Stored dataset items
──────────────────────────────
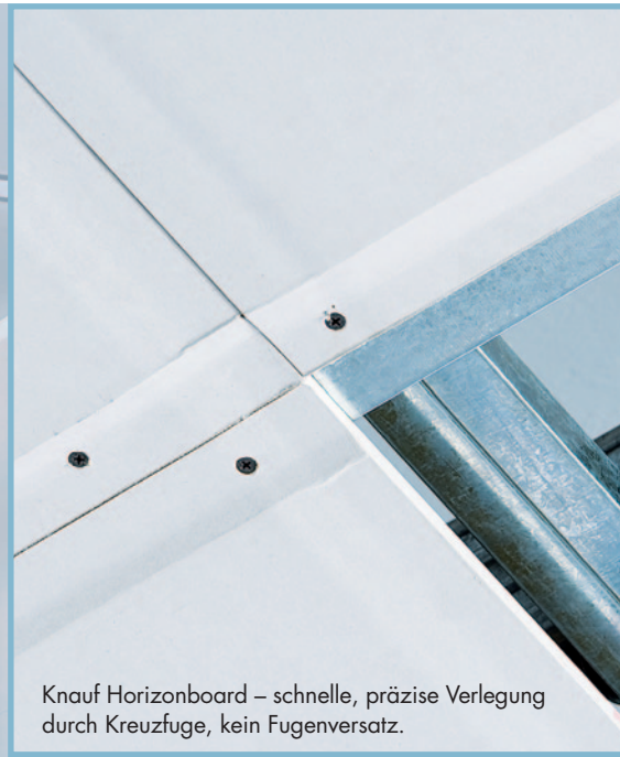
Knauf Horizonboard – schnelle, präzise Verlegung durch Kreuzfuge, kein Fugenversatz.
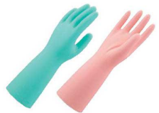
⑤ ショーワ ニトリルゴム製手袋 中厚手 No.139 切
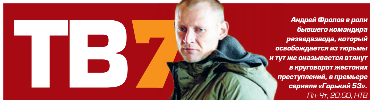
Андрей Фролов в роли бывшего командира разведывода, который освобождается из тюрьмы и тут же оказывается втянут в круговорот жестоких преступлений, в премьер-сериале «Горький 53». Пн-Чт, 20.00, НТВ
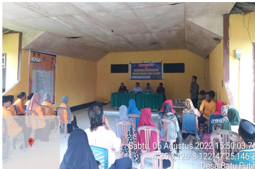
Gambar 2. Sosialisasi Kegiatan Program PAMSIMAS di Desa Batu Putih Kecamatan Kolono Timur Kabupaten Konawe Selatan

Sosialisasi merupakan tindakan yang merupakan bagian dari pelaksanaan program dan berpengaruh dalam menentukan keberhasilan program [5]. Melalui hasil pengumpulan data yang dilakukan diperoleh informasi bahwa pelaksanaan sosialisasi kepada masyarakat sebanyak satu sampai dua kali tergantung kepada kondisi kelurahan yang mendapatkan program. Sosialisasi yang diadakan tersebut dilakukan dengan harapan masyarakat mampu mengetahui gambaran umum dari program, memiliki pemahaman yang baik akan sarana air yang dibangun sehingga mempunyai rasa memiliki untuk memiliki sarana yang tersedia. Kebutuhan masyarakat akan Sanitasi dan air bersih harus menjadi perhatian utama baik oleh Pemerintah Pusat, daerah maupun Pemerintah Desa. Hal tersebut yang menjadi alasan dilaksanakannya sosialisasi Program penyediaan air minum dan sanitasi berbasis masyarakat (Pamsimas) di Desa Batu Putih Kecamatan Kolono Timur Kabupaten Konawe Selatan bertempat di Aula Kantor Desa. Tujuan sosialisasi tersebut adalah untuk menjelaskan pentingnya penggunaan dan pengelolaan Air bersih oleh masyarakat sekaligus meminta persetujuan warga untuk pelaksanaan Pamsimas Tahun Anggaran 2022 di Desa Batu Putih Kecamatan Kolono Timur Kabupaten Konawe Selatan. Sosialisasi diadakan di desa setempat sehingga mudah dijangkau dan melibatkan tokoh masyarakat setempat. Hal ini dilakukan dengan harapan bahwa masyarakat menjadi lebih aktif dan informasi yang disampaikan mudah dipahami.
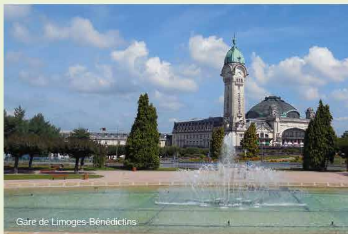
Gare de Limoges-Bénédictins
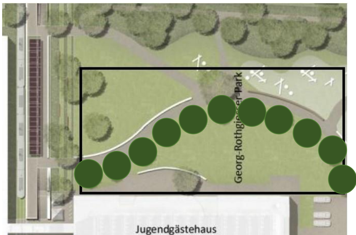
Abb. 11 Pflanzung von 11 Ersatzbäumen längs eines Weges im Georg-Rothgiesser-Park. Links die geplante Haltestelle (nach Lützwow 7).

11 Stück Eberesche Sorbus aucuparia ‚Edulis‘, Hochst., aew., 4 xv., Stu. 18 - 20 cm Die Artauswahl ist mit der Grünunterhaltung des Umweltbetriebs der Stadt Bielefeld abzustimmen.
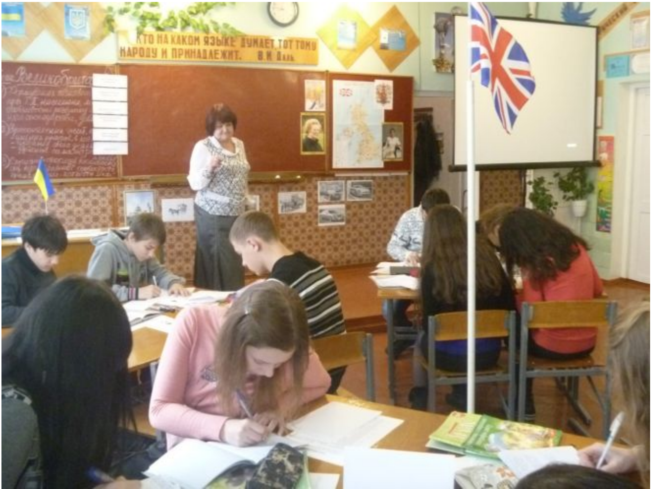
Організація групової роботи на уроці
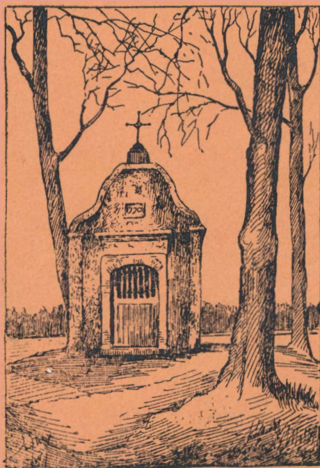
DE KINTSKAPEL TE OPWIJK (1770). (Penttekening van Paul Lindemans.)
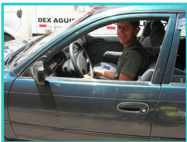
Jesus als taxichauffeur.

Binnenkomen bij Inti Huahuacuna voelt altijd weer als thuiskomen. Ondanks dat ik dolgelukkig ben met de bouw van ons eigen nieuwe opvanghuis, weet ik dat ik dit huis in Zarzuela echt zal missen. Hier is het allemaal begonnen, hier ligt echt mijn hele ziel en zaligheid en dat zal ik
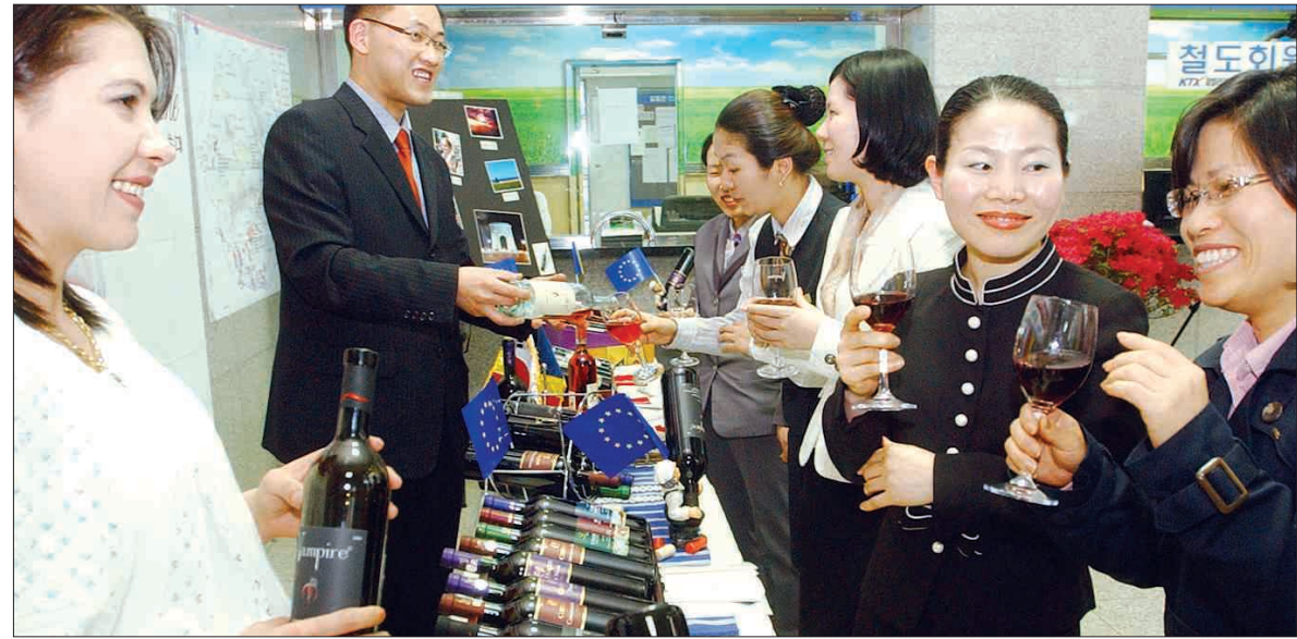
KTX ‘와인 시음회’ 한국철도공사 광주지사는 26일부터 이틀간 광주역내 맞이방에서 ‘KTX개통 3주년 및 승객 1억명 돌파’ 기념으로 ‘와인 시음회’를 개최하고 있다. 이 행사는 오후 2시부터 6시까지 진행되며 루마니아산 레드 와인·화이트 와인 등 5종류를 시민들에게 제공한다.
──────────────────────────────
Reproduce the entries above exactly, though not their pictures.

Reply to the exercise >>
Knauf Horizonboard – schnelle, präzise Verlegung durch Kreuzfuge, kein Fugenversatz.
⑤ ショーワ ニトリルゴム製手袋 中厚手 No.139 切
Андрей Фролов в роли бывшего командира разведывода, который освобождается из тюрьмы и тут же оказывается втянут в круговорот жестоких преступлений, в премьер-сериале «Горький 53». Пн-Чт, 20.00, НТВ
Gambar 2. Sosialisasi Kegiatan Program PAMSIMAS di Desa Batu Putih Kecamatan Kolono Timur Kabupaten Konawe Selatan

Sosialisasi merupakan tindakan yang merupakan bagian dari pelaksanaan program dan berpengaruh dalam menentukan keberhasilan program [5]. Melalui hasil pengumpulan data yang dilakukan diperoleh informasi bahwa pelaksanaan sosialisasi kepada masyarakat sebanyak satu sampai dua kali tergantung kepada kondisi kelurahan yang mendapatkan program. Sosialisasi yang diadakan tersebut dilakukan dengan harapan masyarakat mampu mengetahui gambaran umum dari program, memiliki pemahaman yang baik akan sarana air yang dibangun sehingga mempunyai rasa memiliki untuk memiliki sarana yang tersedia. Kebutuhan masyarakat akan Sanitasi dan air bersih harus menjadi perhatian utama baik oleh Pemerintah Pusat, daerah maupun Pemerintah Desa. Hal tersebut yang menjadi alasan dilaksanakannya sosialisasi Program penyediaan air minum dan sanitasi berbasis masyarakat (Pamsimas) di Desa Batu Putih Kecamatan Kolono Timur Kabupaten Konawe Selatan bertempat di Aula Kantor Desa. Tujuan sosialisasi tersebut adalah untuk menjelaskan pentingnya penggunaan dan pengelolaan Air bersih oleh masyarakat sekaligus meminta persetujuan warga untuk pelaksanaan Pamsimas Tahun Anggaran 2022 di Desa Batu Putih Kecamatan Kolono Timur Kabupaten Konawe Selatan. Sosialisasi diadakan di desa setempat sehingga mudah dijangkau dan melibatkan tokoh masyarakat setempat. Hal ini dilakukan dengan harapan bahwa masyarakat menjadi lebih aktif dan informasi yang disampaikan mudah dipahami.
Gare de Limoges-Bénédictins
Abb. 11 Pflanzung von 11 Ersatzbäumen längs eines Weges im Georg-Rothgiesser-Park. Links die geplante Haltestelle (nach Lützwow 7).

11 Stück Eberesche Sorbus aucuparia ‚Edulis‘, Hochst., aew., 4 xv., Stu. 18 - 20 cm Die Artauswahl ist mit der Grünunterhaltung des Umweltbetriebs der Stadt Bielefeld abzustimmen.
Організація групової роботи на уроці
DE KINTSKAPEL TE OPWIJK (1770). (Penttekening van Paul Lindemans.)
Jesus als taxichauffeur.

Binnenkomen bij Inti Huahuacuna voelt altijd weer als thuiskomen. Ondanks dat ik dolgelukkig ben met de bouw van ons eigen nieuwe opvanghuis, weet ik dat ik dit huis in Zarzuela echt zal missen. Hier is het allemaal begonnen, hier ligt echt mijn hele ziel en zaligheid en dat zal ik
KTX ‘와인 시음회’ 한국철도공사 광주지사는 26일부터 이틀간 광주역내 맞이방에서 ‘KTX개통 3주년 및 승객 1억명 돌파’ 기념으로 ‘와인 시음회’를 개최하고 있다. 이 행사는 오후 2시부터 6시까지 진행되며 루마니아산 레드 와인·화이트 와인 등 5종류를 시민들에게 제공한다.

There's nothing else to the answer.